The plurality of classes includes a general class and a plurality of specific classes,
The statistical machine translation device according to claim 1, wherein the plurality of specific classes are obtained by dividing the general class.

The statistical machine translation device according to claim 1 or 2, wherein one element of the vector corresponding to the general class is a constant in a range of 0 to 1.

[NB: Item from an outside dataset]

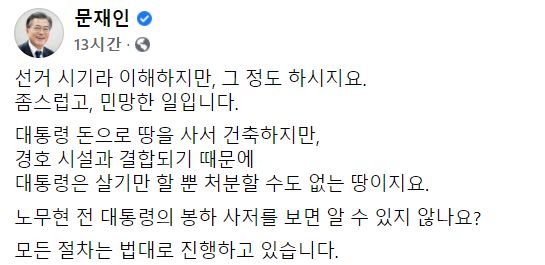 전날 문 대통령이 자신의 소셜미디어에 글을 올려 야권이 경남 양산 사저 부지를 문제 삼는 것은 "좀스럽고, 민망한 일"이라며 불쾌감을 드러낸 데 대해 반발한 것이이다.

The statistical machine translation apparatus according to claim 1, further comprising normalization means for normalizing elements of the vector so that a sum of the elements becomes 1. 5.

Means for determining the pre Kibe vector is statistically trained on maximum entropy models, assigning a membership probability to each of the classes, statistical according to any one of claims 1 to 4 Machine translation device.

Each of said plurality of sub Budekoda the class specific language model, class specific translation model, calculates the probability according to any combination of classes specified length model, or class specific distortion model or these models, claims 1 Item 6. The statistical machine translation device according to any one of Items 5.